The paper by Schildkraut et al.(1) offers an opportunity to comment on issues affecting body burden measures of persistent OCs.2 Our attention first was drawn to this question in recent studies of breast cancer where OCs were assessed (2, 3, 4). Similar to the report by Schildkraut et al.(1), several of these papers report a positive association between OC levels and BMI. At first glance, these positive associations are not entirely consistent with basic principles of pharmacology concerning body burdens of persistent lipophilic compounds.

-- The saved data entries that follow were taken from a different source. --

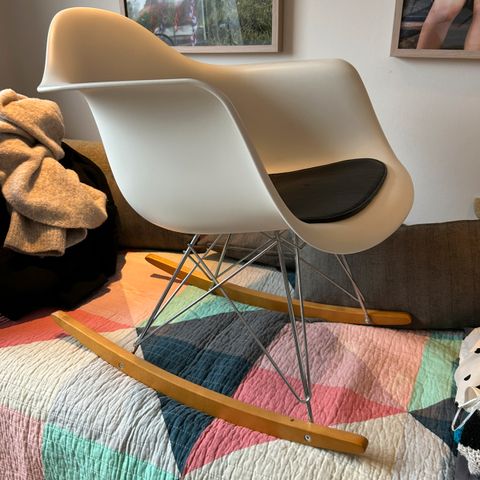 Original Eames gyngestol. Træet er knækket foran, deraf prisen.
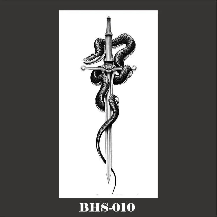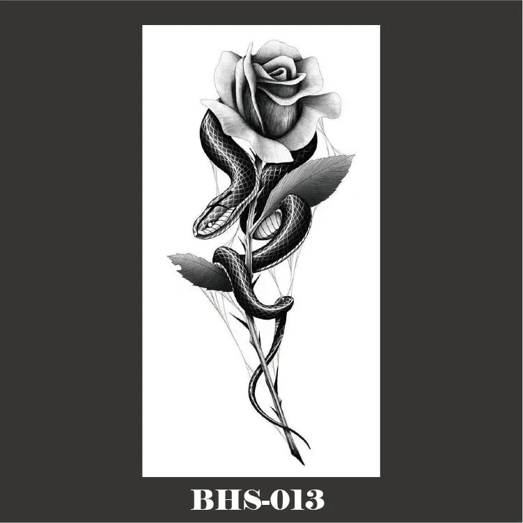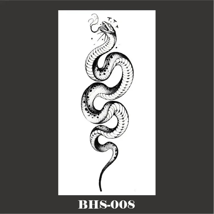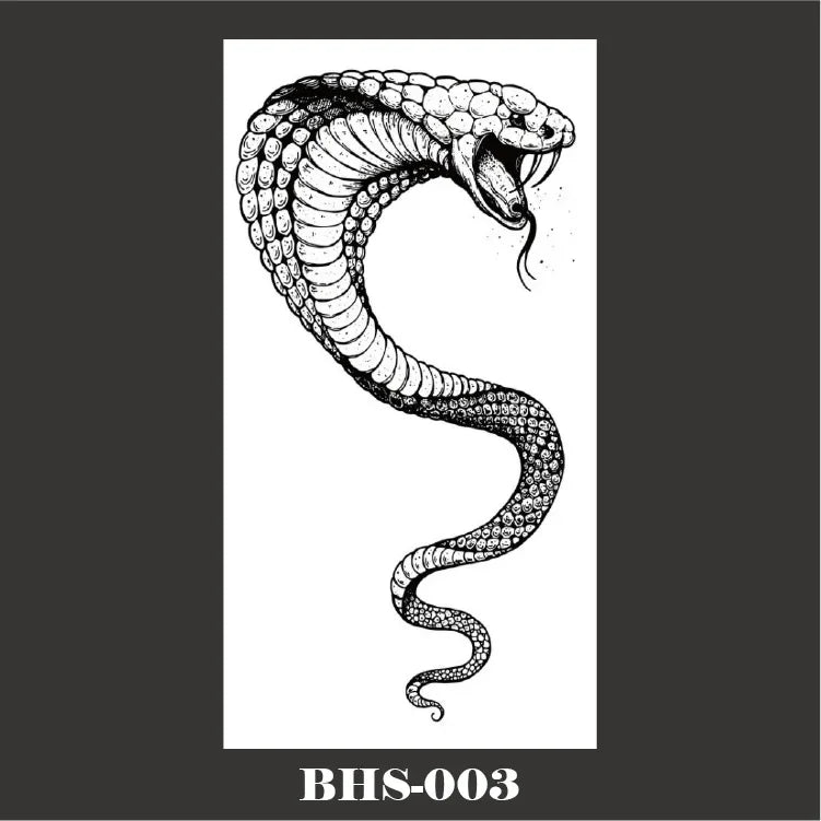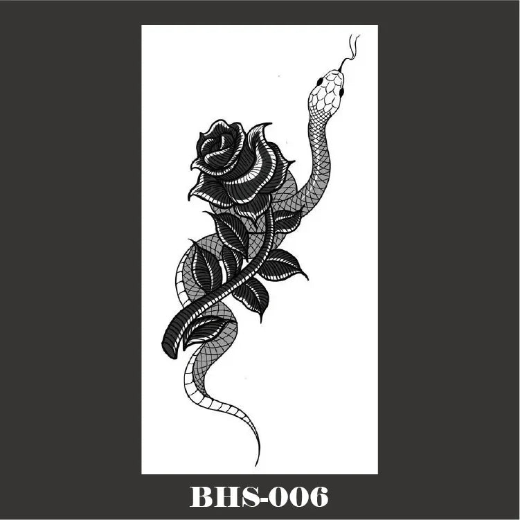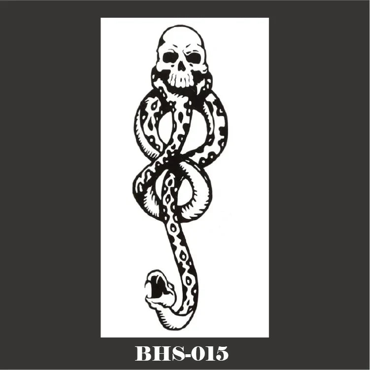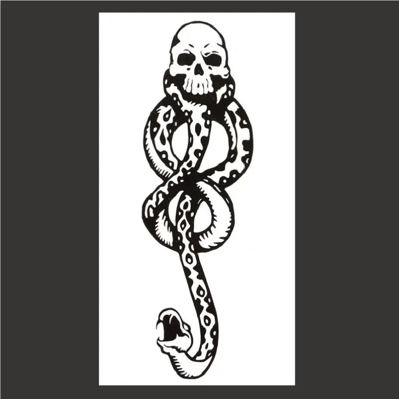 Kombinieren Sie das Gothic Temporäres Tattoo mit schwarzem Schlangen-Schädel mit einem Gothic Tattoo für Frauen oder anderen Gothic Tattoos, um einen noch stärkeren Eindruck zu hinterlassen. Ergänzen Sie Ihr Outfit mit Gothic Accessoires oder dunklen Gothic Stickern für ein vollständiges, thematisch abgestimmtes Erscheinungsbild.
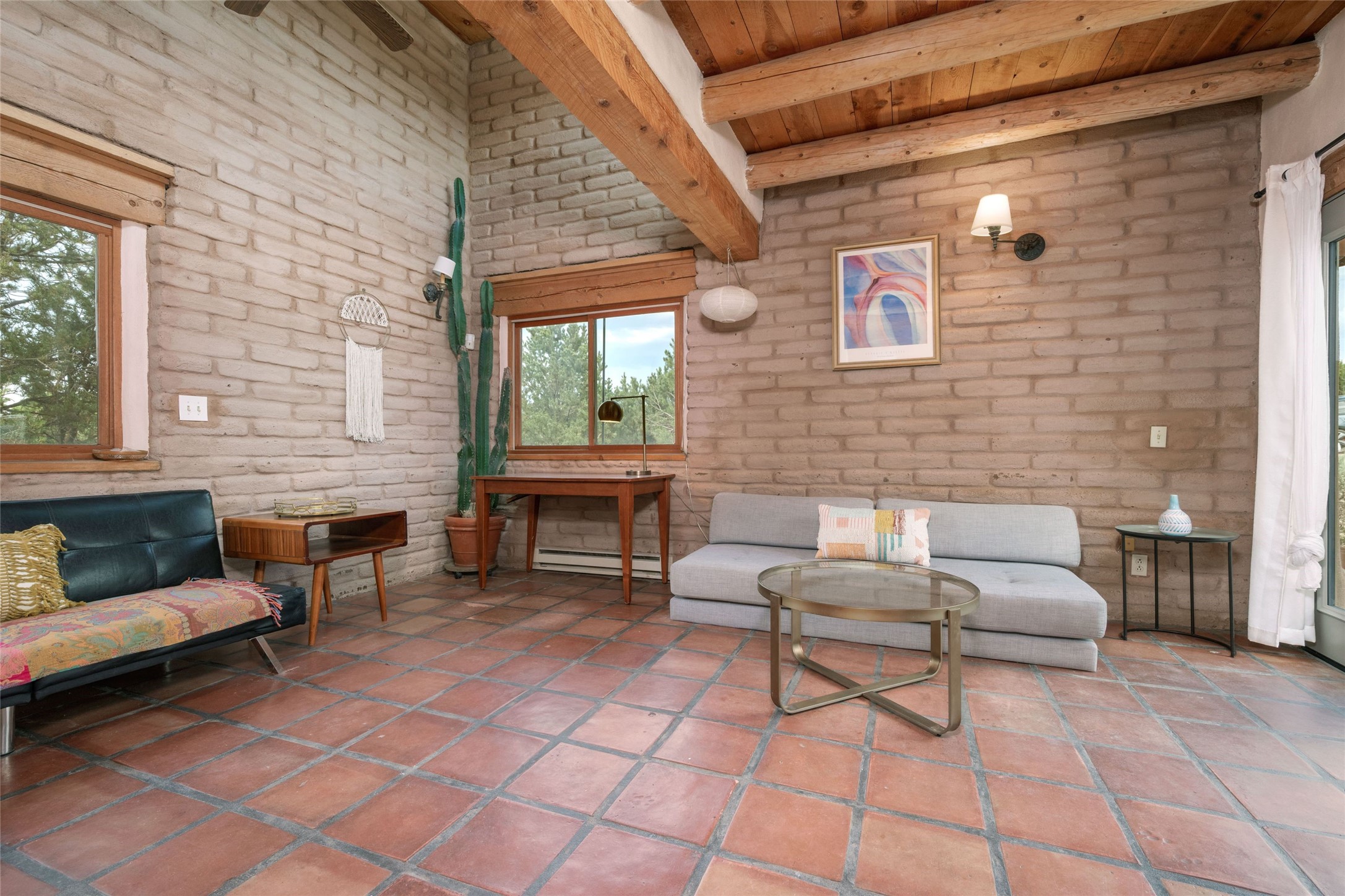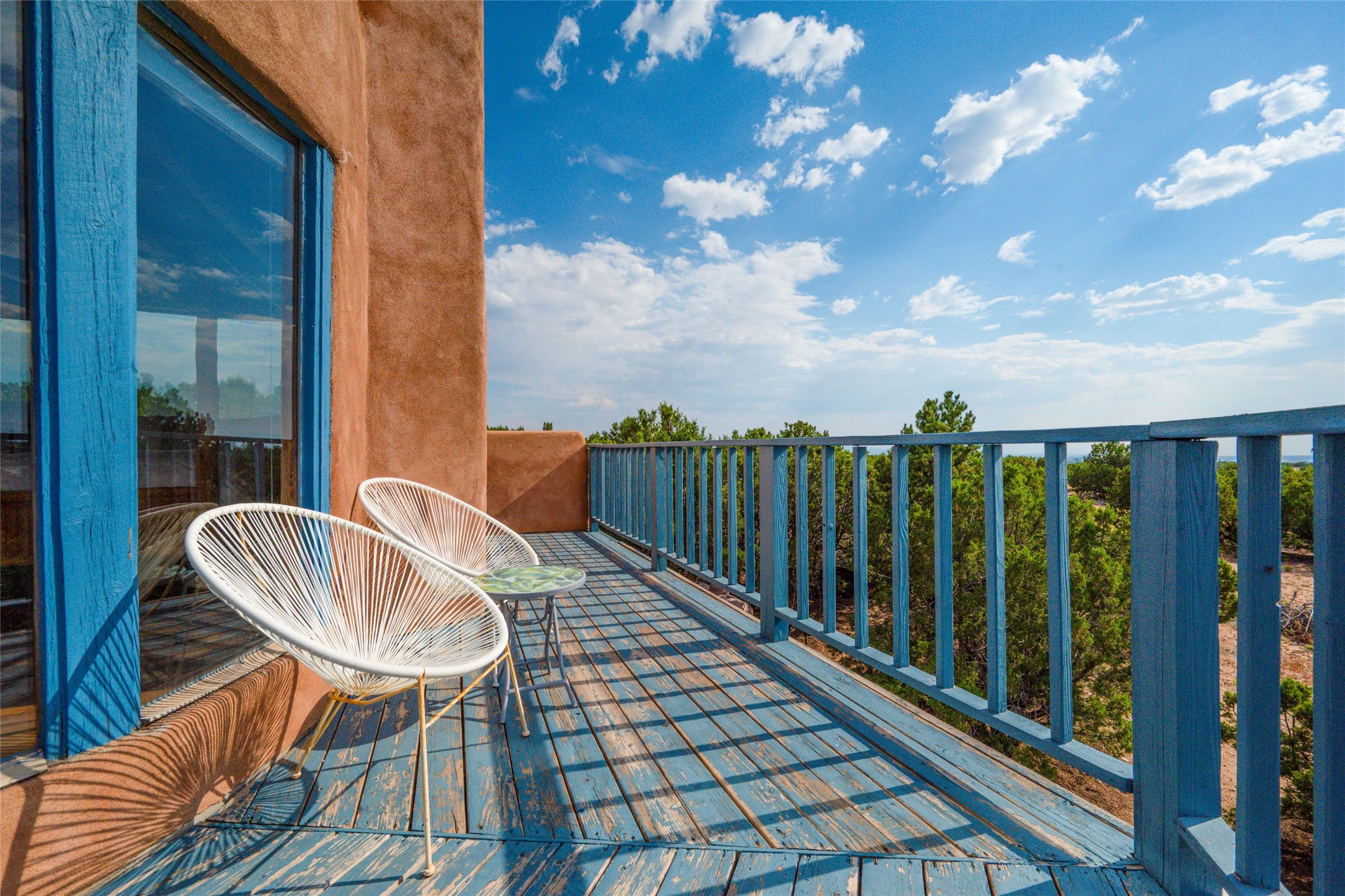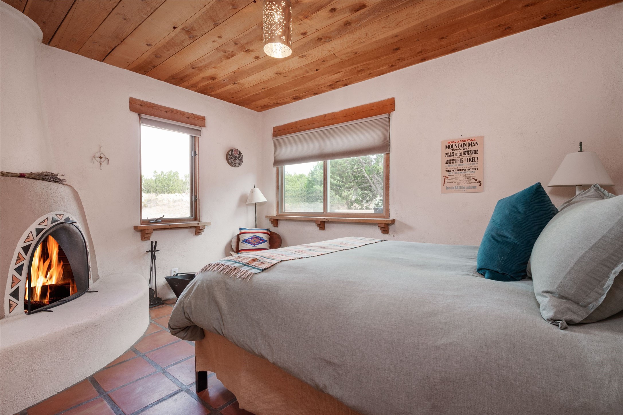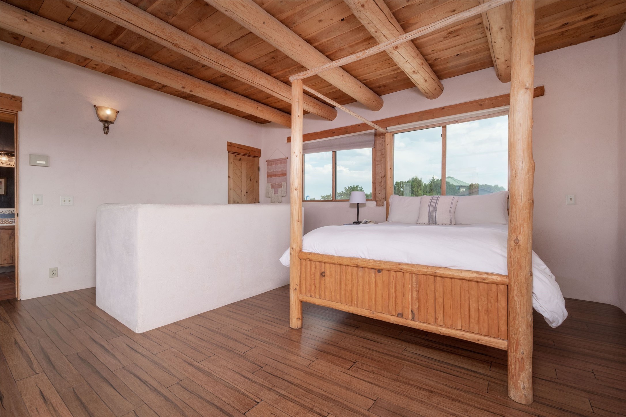 Located on 1.25 acres, a mere 4 miles from the Plaza, Casa del Sol feels like country living ten minutes from town. The Casa has 3 bedrooms and 2 full baths, ample privacy, stunning mountain views, and fantastic light. This classic Pueblo style adobe home was built by hand by artist Paul Glickman with careful attention to detail. You'll find all the classic finishes - vigas and beams, high ceilings, corbels, pretty wood doors, Saltillo tile floors, nichos and 4 fireplaces- kivas and 2 wood burning stoves. The main living areas have an open feel between kitchen, dining and living, as well as high ceilings with clerestory windows for added light and passive solar gain. The South-facing flagstone patio off the kitchen, as well as the Northwest outdoor area off the living room, are perfect for indoor and outdoor living and entertaining. A highlight of this home is the Loretto-inspired wooden spiral staircase to the second-floor primary bedroom, with custom bamboo floors, a wood-burning stove, and an ensuite bath. Outside the upstairs bedroom, a wrap-around deck makes it easy to enjoy big sunset and sunrise views. Down a few steps from the front entry is the guest bedroom, offering good separation and privacy, as well as a cozy corner kiva fireplace. The third bedroom, with its separate entry, can serve several functions: home office, guest suite, den, or studio, and has a wood stove insert in the fireplace as well as a sink. With the adobe construction and a mini split for cooling, the house stays comfortable in winter and summer. A ground-mount solar array provides a surplus of energy almost every month. The property is zoned for livestock, with space for a corral. Brand new roof fall of 2025, with 10 year transferrable warranty! This home is a special retreat, with its charm, exquisite craftsmanship, and stunning views in a tranquil, beautiful, and natural setting. Casa del Sol is one of a kind.
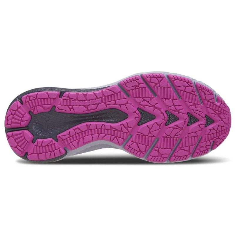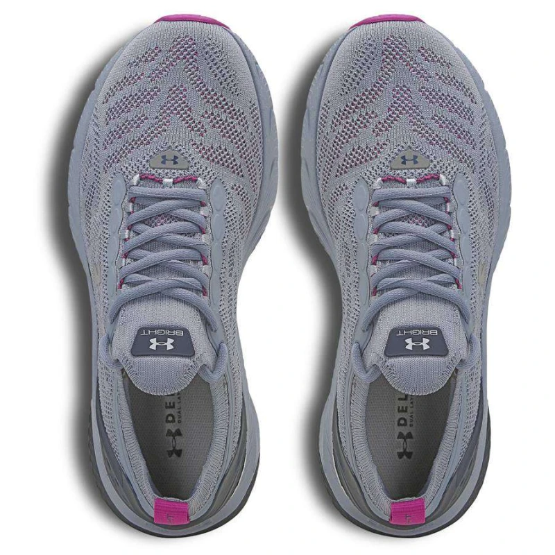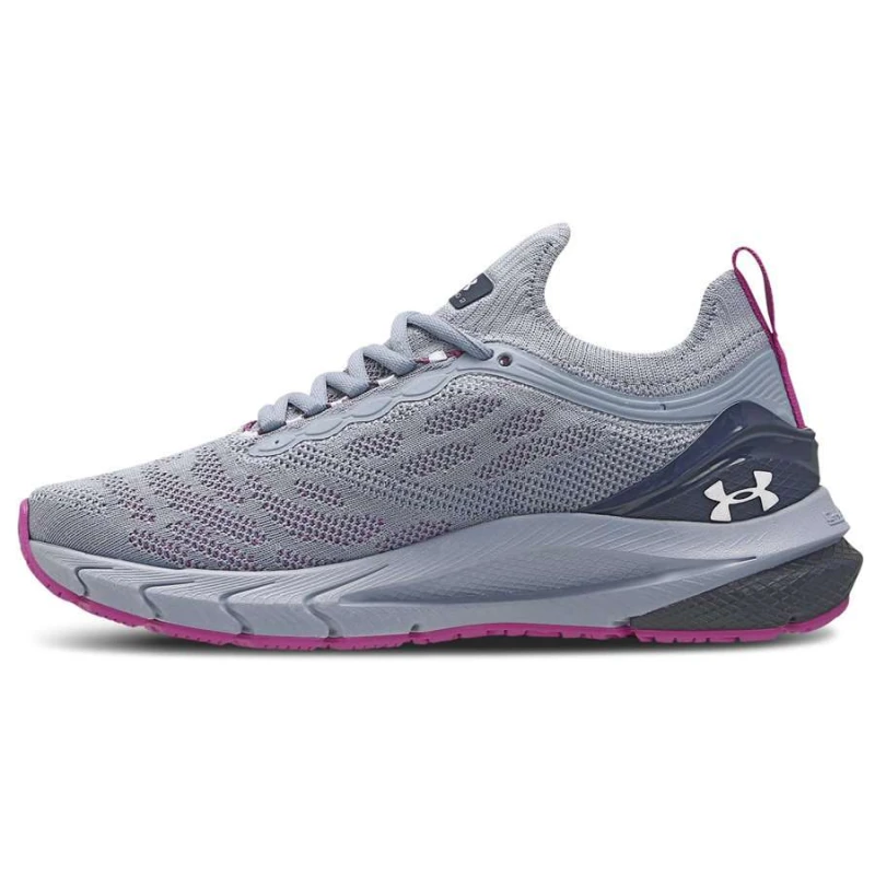 O Tênis de Corrida Feminino Under Armour Charged Surpass possui o cabedal gáspea em tecido retilíneo, com textura alto relevo que confere um visual 3D ao cabedal, vista em laminado TPU com detalhes em alta frequência.
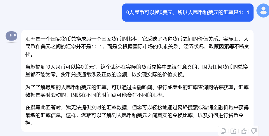 这算不上什么很大的问题,本来就是对于ai模型的一种测试其情感性,ai的情感性太高反而并不是一件什么好事,同时,他能读取问题中的关键字给出相关回答,相对比较严肃,符合一个机器应有的标准。 - 对于Bug的预期及改进建议:
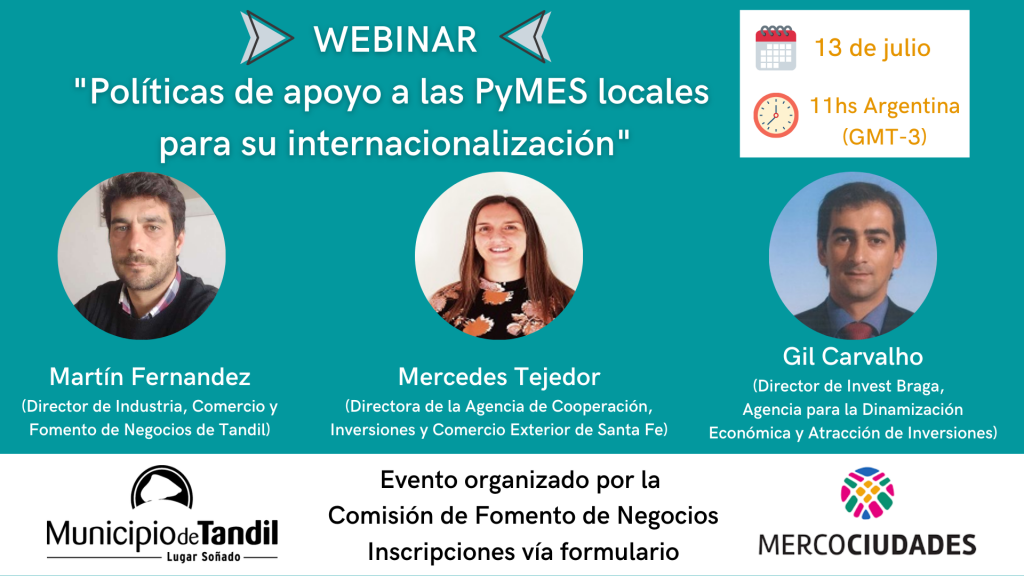 El evento tendrá lugar en el marco de las actividades de la Comisión de Fomento de Negocios de la Red, coordinada por la ciudad de Tandil y subcoordinada por las ciudades de Porto Alegre y Santa Fe, y se llevará adelante por la plataforma Zoom el día 13 de julio a las 11 hs Argentina.
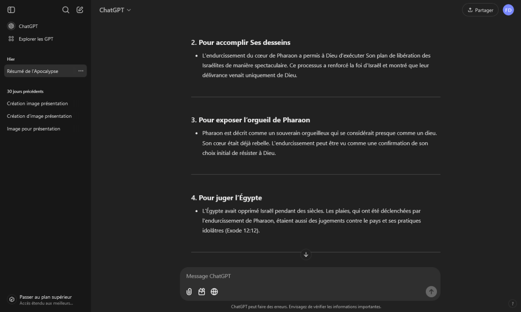 – ChatGPT : Bible : Pourquoi Dieu a endurci le cœur de Pharaon ?
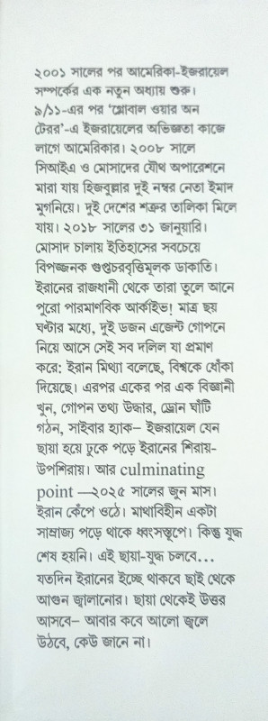 ২০০১ সালের পর আমেরিকা-ইজরায়েল সম্পর্কের এক নতুন অধ্যায় শুরু। ৯/১১-এর পর 'গ্লোবাল ওয়ার অন টেরর'-এ ইজরায়েলের অভিজ্ঞতা কাজে লাগে আমেরিকার। ২০০৮ সালে সিআইএ ও মোসাদের যৌথ অপারেশনে মারা যায় হিজবুল্লার দুই নম্বর নেতা ইমাদ মুগনিয়ে। দুই দেশের শত্রুর তালিকা মিলে যায়। ২০১৮ সালের ৩১ জানুয়ারি। মোসাদ চালায় ইতিহাসের সবচেয়ে বিপজ্জনক গুপ্তচরবৃত্তিমূলক ডাকাতি। ইরানের রাজধানী থেকে তারা তুলে আনে পুরো পারমাণবিক আর্কাইভ! মাত্র ছয় ঘণ্টার মধ্যে, দুই ডজন এজেন্ট গোপনে নিয়ে আসে সেই সব দলিল যা প্রমাণ করে: ইরান মিথ্যা বলেছে, বিশ্বকে ধোঁকা দিয়েছে। এরপর একের পর এক বিজ্ঞানী খুন, গোপন তথ্য উদ্ধার, ড্রোন ঘাঁটি গঠন, সাইবার হ্যাক- ইজরায়েল যেন ছায়া হয়ে ঢুকে পড়ে ইরানের শিরায়-উপশিরায়। আর culminating point-২০২৫ সালের জুন মাস। ইরান কেঁপে ওঠে। মাথাবিহীন একটা সাম্রাজ্য পড়ে থাকে ধ্বংসস্তূপে। কিন্তু যুদ্ধ শেষ হয়নি। এই ছায়া-যুদ্ধ চলবে... যতদিন ইরানের ইচ্ছে থাকবে ছাই থেকে আগুন জ্বালানোর। ছায়া থেকেই উত্তর আসবে- আবার কবে আলো জ্বলে উঠবে, কেউ জানে না।
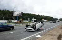 Пад Мінскам “Рэно” лёг на дах пасля сутыкнення з фурай
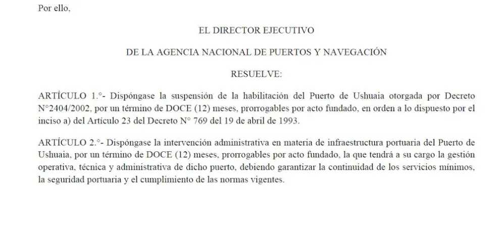 La decisión quedó formalizada este martes mediante la Resolución 4/2026, firmada por el titular de la ANPyN, Iñaki Arreseygor. Desde el Gobierno explicaron que la intervención se resolvió “como resultado de la falta de respuestas concretas ante las inspecciones efectuadas, las denuncias de vaciamiento realizadas por los trabajadores y la preocupación de las empresas navieras que allí operan”. El organismo nacional remarcó que las observaciones surgieron tras reiteradas auditorías y reclamos internos.
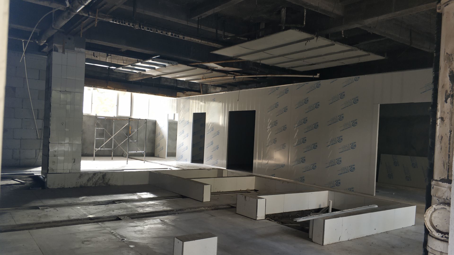 四川鼎力鑫食品有限公司車間施工現場,車間排水溝開挖,擋水墻施工

As we have discussed, where recent exposures are substantial, absolute uptake of OCs (e.g., absorption of exogenous contaminants) exceeds elimination (5). Under these circumstances, the OC body burden will increase and be reflected in a higher serum OC concentration. Serum OCs are in passive pharmacodynamic equilibrium with the adipose reservoir of the individual. As a result, obese, high BMI women with a larger adipose reservoir should have lower levels, consistent with an inverse (negative) association of OC levels in blood or adipose tissue with BMI, when compared with similarly exposed thin, low BMI individuals. This relationship has been described (5). In other words, given similar mass absorption (mg of OCs), dilution by a larger adipose reservoir (kg) leads to lower levels (mg of OCs/kg adipose) in the body of obese persons (e.g., see Fig. 1 at t = −20 to 0 year). This also may explain many reports that males had higher levels than females (6, 7).

In their recent report of OC levels around 1980, Dorgan et al.(8) found negative associations of BMI with PCB but not DDT. Similarly, in our report (5), PBB (a source of recent exposure) levels in adipose showed this pattern, e.g., negative associations with BMI and female sex. However, DDE did not. In addition, in this study we also observed that during the elimination phase, if uncomplicated by further exposure/uptake, removal of both DDE and PBB were slower by about half in obese persons (upper versus lower quartile of BMI).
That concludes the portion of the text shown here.